##### Input records
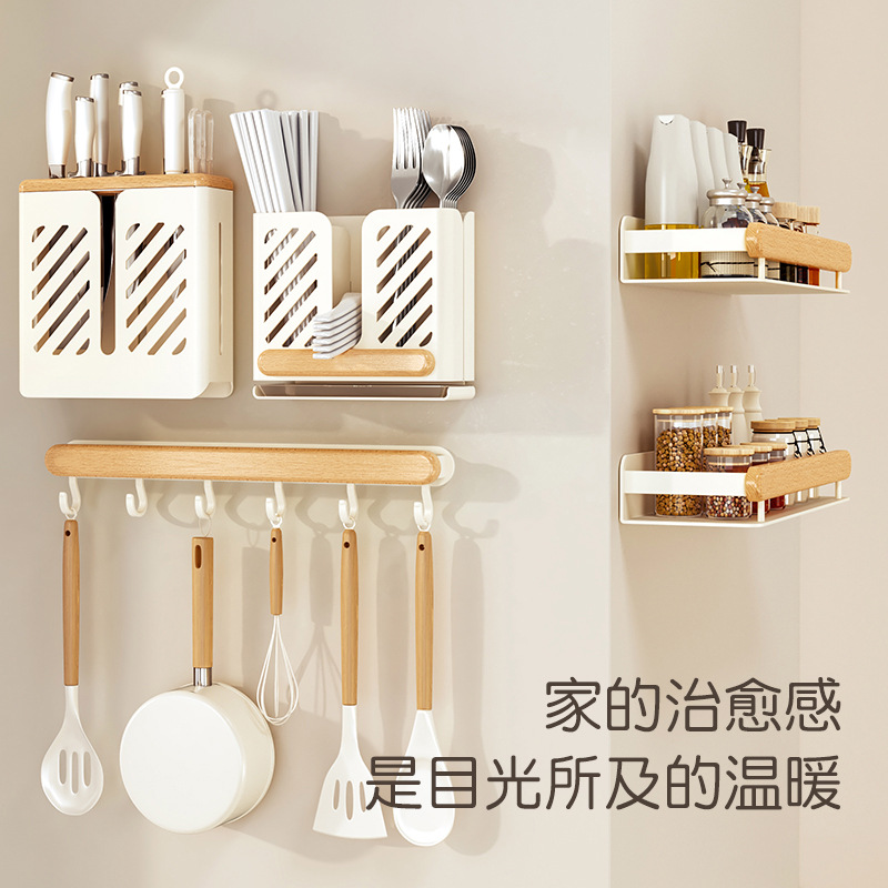 ウォールナットキッチンラックスパイスラックパンチフリー多層ナイフホルダーポットカバー箸スプーン壁掛け収納ラック
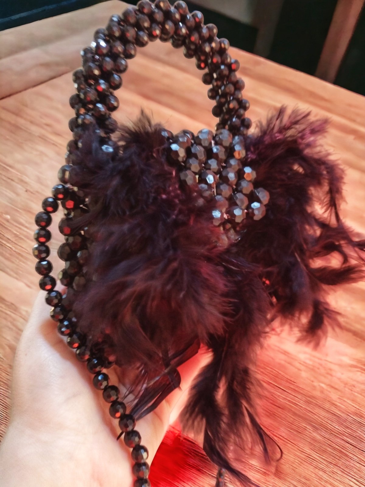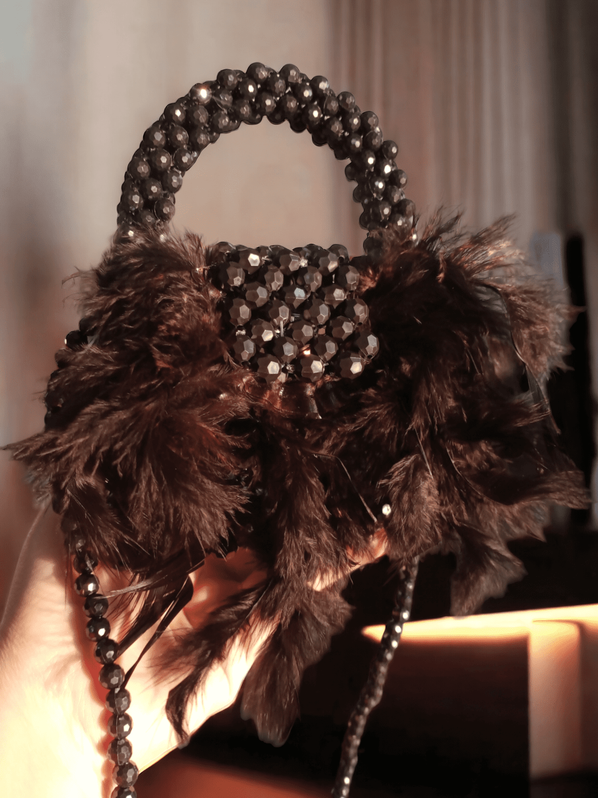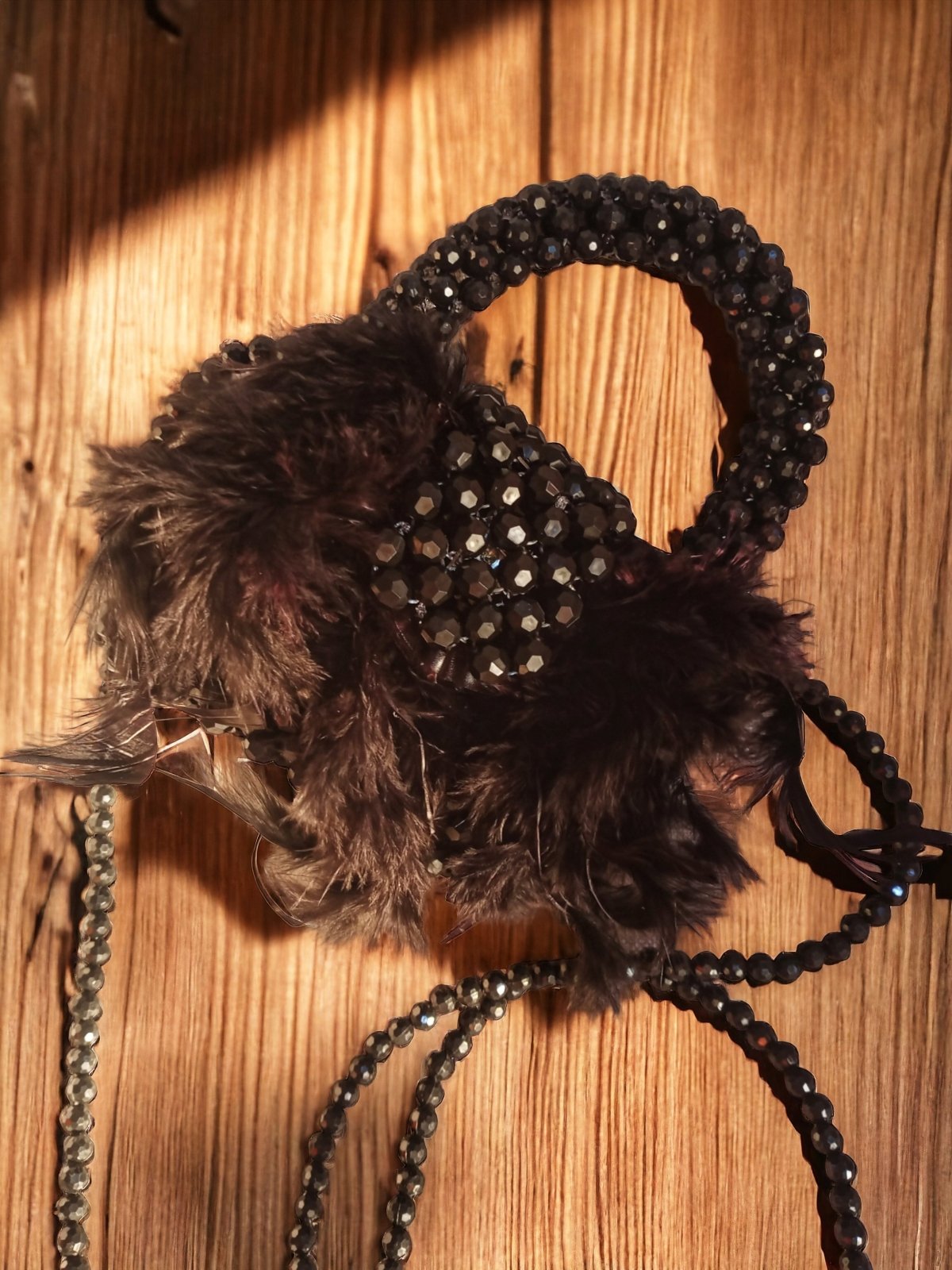 شنطه من الكريستال الاسود صنعت يدويا مزوده بريش اسود وذراع كروس مقاس 15/12
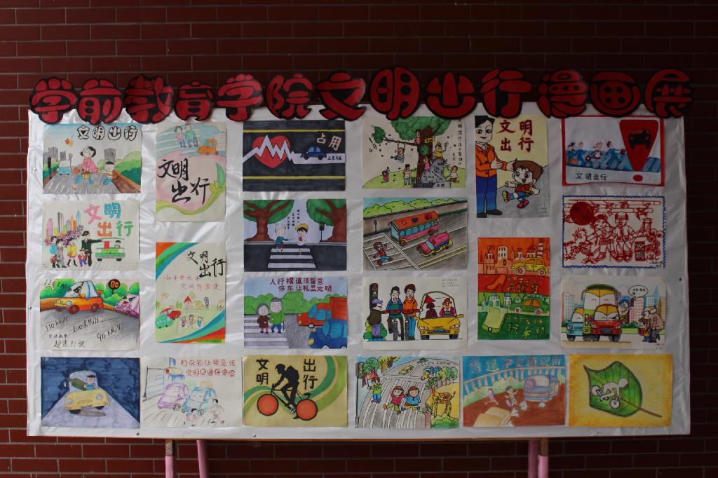 举办文明出行漫画展。结合学前教育专业实际,学院组织学生开展文明出行漫画制作活动,漫画作品栩栩如生,或者展示了当下的不文明行为,或者描绘了文明和谐的感人画面。
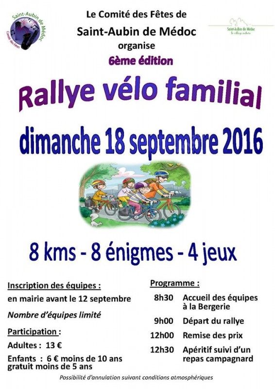 Le Comité des Fêtes de Saint-Aubin organise la 6ème édition du Rallye Vélo Familial.
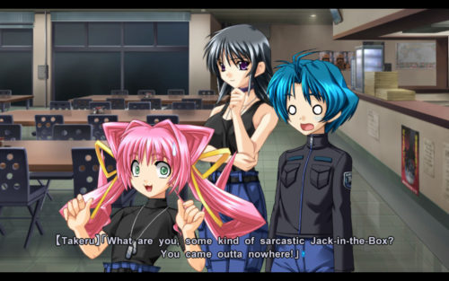 Now, when I began the game, my first thought was that Takeru was a jerk. But I can deal with a jerk protagonist who gets better, and Takeru did grow on me (if nothing else, through sympathy as Meiya and her cohorts turn his life upside down).
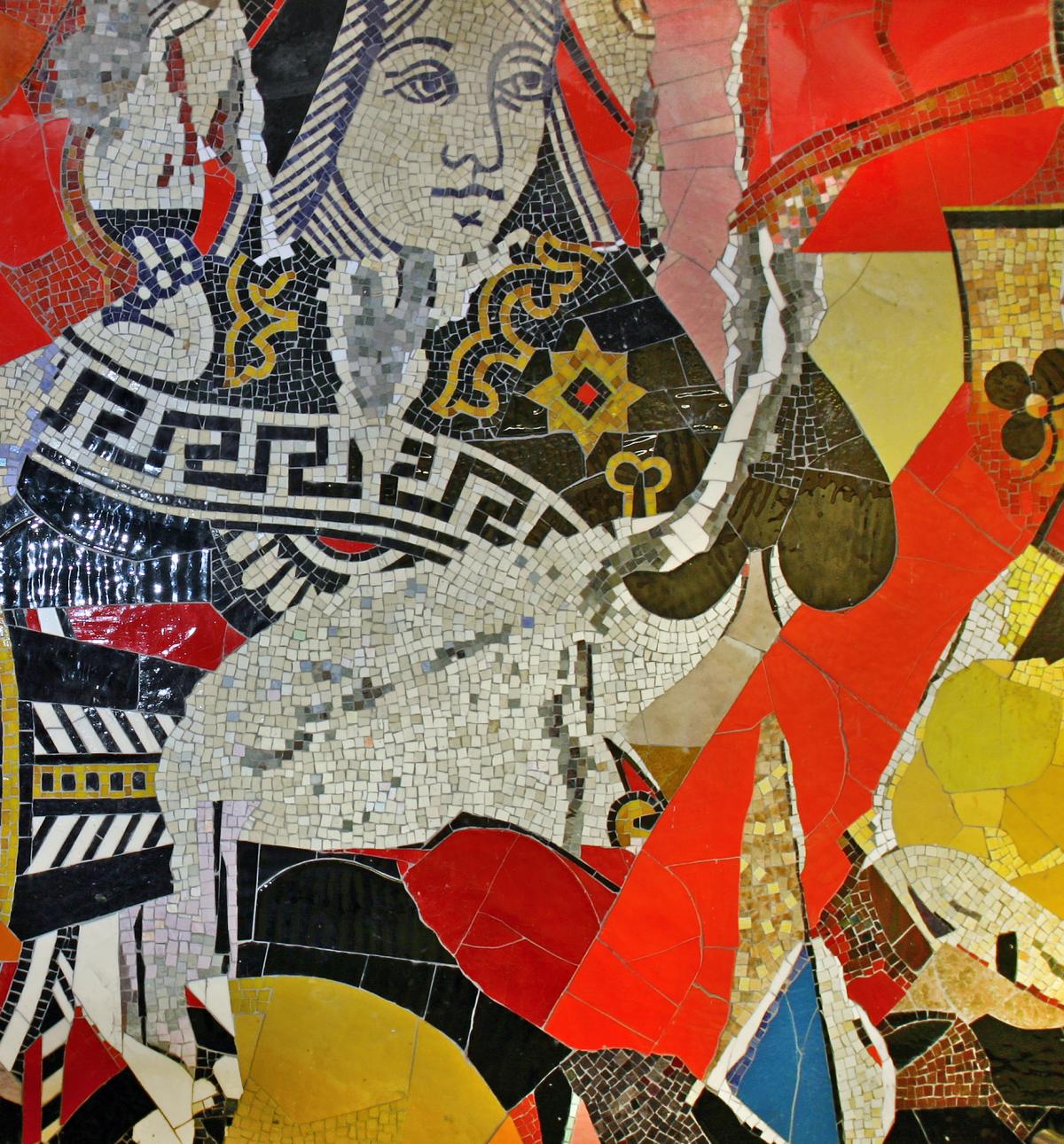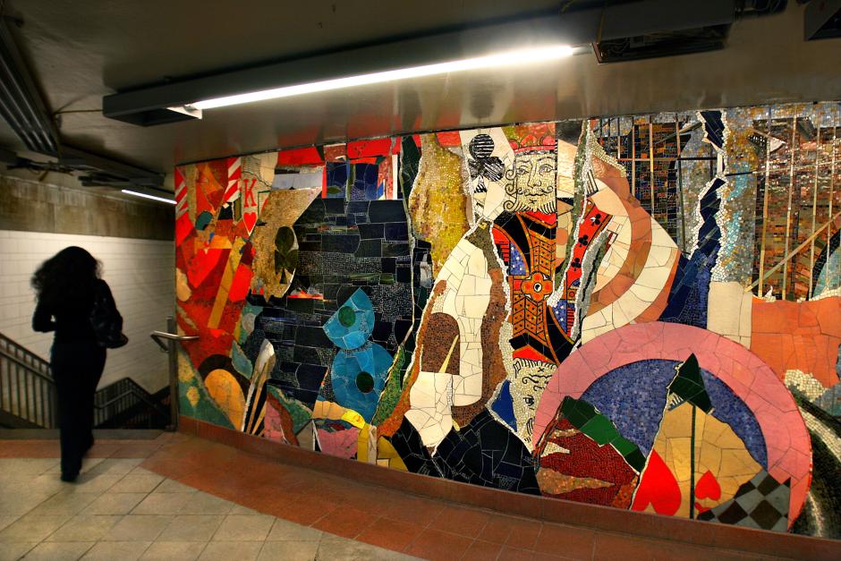 Stephen Johnson describes his mosaic mural and his inspiration for the energy it conveys this way, “My idea for these murals is to convey a sense of joy through an exuberant juxtaposition of colors, shapes, and familiar images... On the surface, the variety of colors and shapes in the mosaics resemble collages and invite the traveler to consider the multiple layers of images found on city walls, particularly in the subway, where posters may tear, revealing previous images and forming exciting compositions... The glass is as diverse as the station's passengers, whose ethnic origins stem from Asia, Africa, and the Middle East... I wanted the abstract design to be balanced with realistic images that people can instantly get." The work brings vibrancy and texture to the station environment.
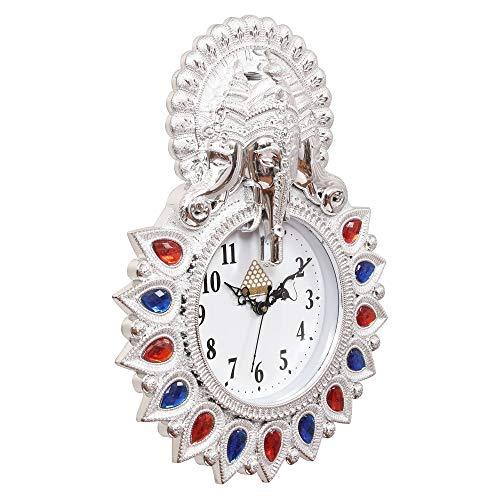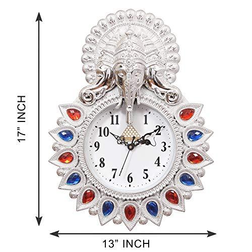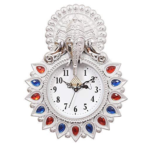 Webelkart Plastic Lord Ganesha Designer Wall Clock (Silver_13 Inch X 2 Inch X 17 Inch)
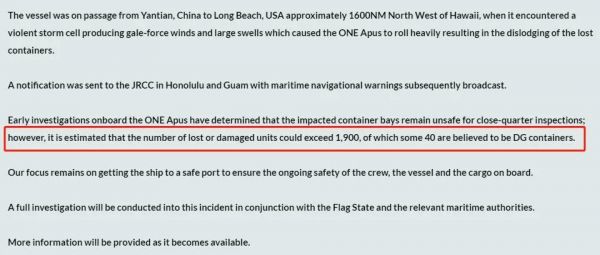 损失或受损的集装箱数目可能超过1900个,其中约有40个是危险品集装箱
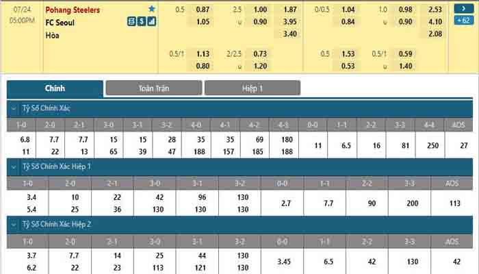 Bảng tỷ lệ kèo trực tuyến trận đấu Pohang Steelers vs FC Seoul:
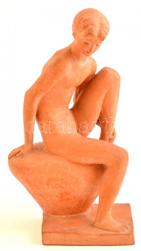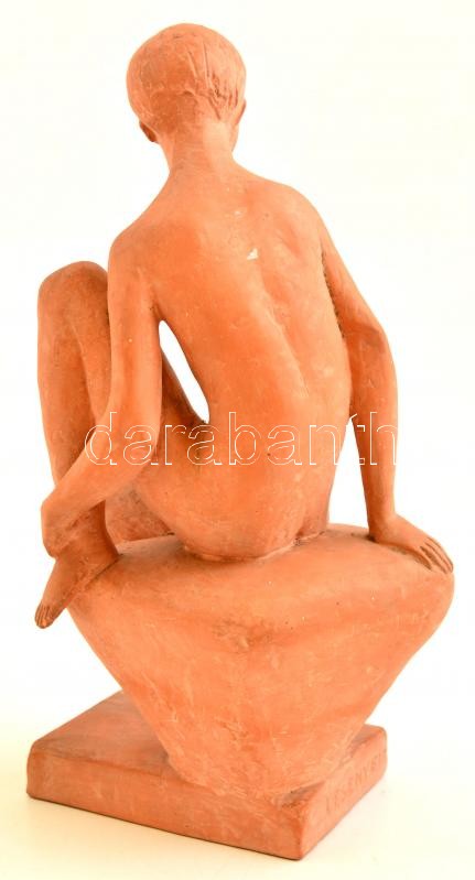 Lesenyei Márta (1930-): Ülő fiú akt. Terrakotta, jelzett, hibátlan, m:...
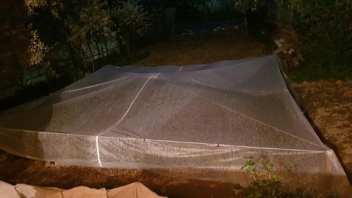 Тем временем растишки на основной плантации окрепли и прижились. Укрывной материал сняли и по закону подлости пришёл ливень с градом...
##########
--- What is expected ---
What you should return is the exact text of every line from the top of the entries through the line with "Le Comité des", pictures removed.

--- Exercise response ---
 ウォールナットキッチンラックスパイスラックパンチフリー多層ナイフホルダーポットカバー箸スプーン壁掛け収納ラック
 شنطه من الكريستال الاسود صنعت يدويا مزوده بريش اسود وذراع كروس مقاس 15/12
 举办文明出行漫画展。结合学前教育专业实际,学院组织学生开展文明出行漫画制作活动,漫画作品栩栩如生,或者展示了当下的不文明行为,或者描绘了文明和谐的感人画面。
 Le Comité des Fêtes de Saint-Aubin organise la 6ème édition du Rallye Vélo Familial.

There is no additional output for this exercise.